Corrected NOAEL (dermal) for workers:


= 100 mg/kg bw/day x 1.4


= 140 mg/kg bw/day


 


Step 3: Use of assessment factors: 200


AF for differences in duration of exposure: 4


The exposure duration of the OECD TG 422 study performed with the test item was 54 days for females and 42 days for males. In comparison to a subacute 28-day study the OECD TG 422 study provides additional information on fertility and reproduction of the parental generation and furthermore information on developmental toxicity of the offspring. Together with the longer exposure duration (57 days) for females an Assessment factor of 4 is justified.

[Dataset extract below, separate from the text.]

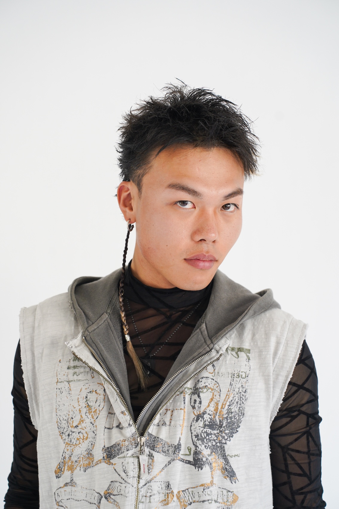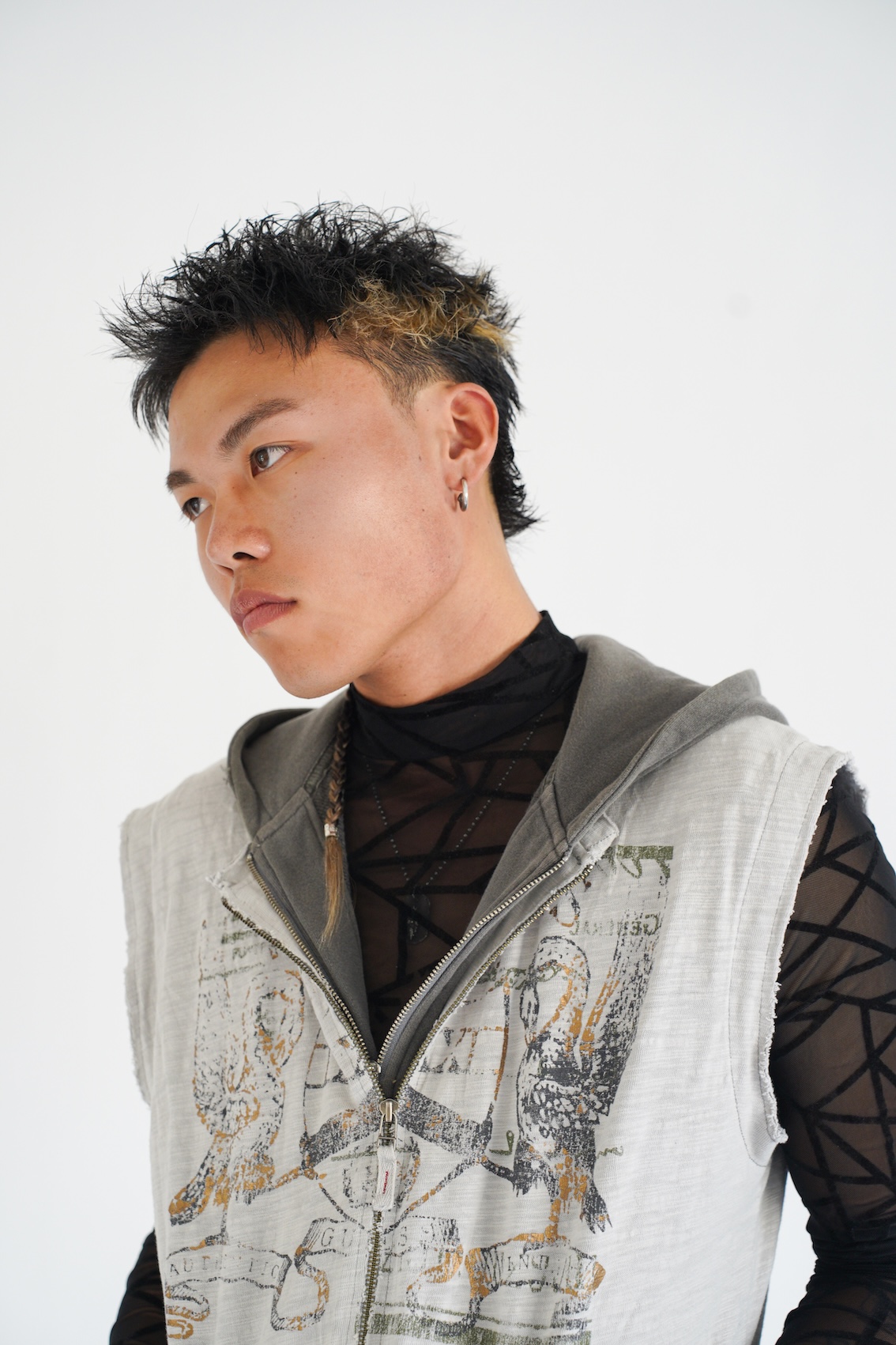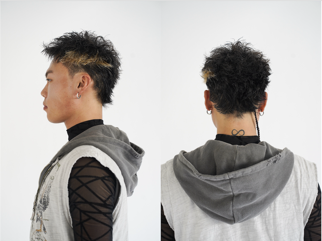 「特殊へアやアヴァンギャルドな要素は、どうしても『作品向け』『非日常的』になりがちですが、今回はそれらを日常のストリートスタイルに落とし込みたいと考えました。強さや個性を持ちながらも、実際に街に存在できるリアリティを持たせることで、ヘアとファッションの新しいバランスを表現しました」という、理想的な進展を狙ったスタイル。「サイドのみ刈り上げたモヒカンショートに、ラフなテクスチャーを重ねることで無骨さと抜け感を両立させました。ポイントでブリーチと編み込み (ブレイズ)を取り入れ、特殊ヘアのパーツをアクセサリー感覚で配置しています。主張しすぎず、スタイル全体の中で自然に存在するヘアデザインを意識しました」。ヘアとファッションが主張し合うのではなく、互いを補完し合う関係性を目指したのも好印象。

AF for interspecies differences (allometric scaling): 4


AF for other interspecies differences: 2.5


AF for intraspecies differences: 5


 


In conclusion, long term systemic dermal DNEL, workers = 0.7 mg/kg bw/day


 


 References


ECHA (2012). Guidance on information requirements and chemical safety assessment. Chapter R.8:


Characterization of dose [concentration]-response for human health. Version 2.1, November 2012


ECHA (2016). Guidance on information requirements and chemical safety assessment. Part E: Risk Characterization, Version 3.0, May 2016


 

General Population - Hazard via inhalation route

Systemic effects

Long term exposure
Hazard assessment conclusion:
no hazard identified
Acute/short term exposure
Hazard assessment conclusion:
no hazard identified
DNEL related information

Local effects

Long term exposure
Hazard assessment conclusion:
no hazard identified
Acute/short term exposure
Hazard assessment conclusion:
no hazard identified
DNEL related information

General Population - Hazard via dermal route

Systemic effects

Long term exposure
Hazard assessment conclusion:
no hazard identified
Acute/short term exposure
Hazard assessment conclusion:
no hazard identified
DNEL related information

Local effects

Long term exposure
Hazard assessment conclusion:
no hazard identified
Acute/short term exposure
Hazard assessment conclusion:
no hazard identified

General Population - Hazard via oral route

Systemic effects

Long term exposure
Hazard assessment conclusion:
no hazard identified
Acute/short term exposure
Hazard assessment conclusion:
no hazard identified
DNEL related information

General Population - Hazard for the eyes

Local effects

Hazard assessment conclusion:
no hazard identified

Additional information - General Population

General 


General population is not intended to be exposed to tert-butyl peracetate (TBPA) via inhalation or dermal route. Therefore, no DNEL (long-term, inhalation and dermal exposure) is derived for general population. As TBPA has no bioaccumulation potential no risk assessment for secondary poisoning is required for the general population.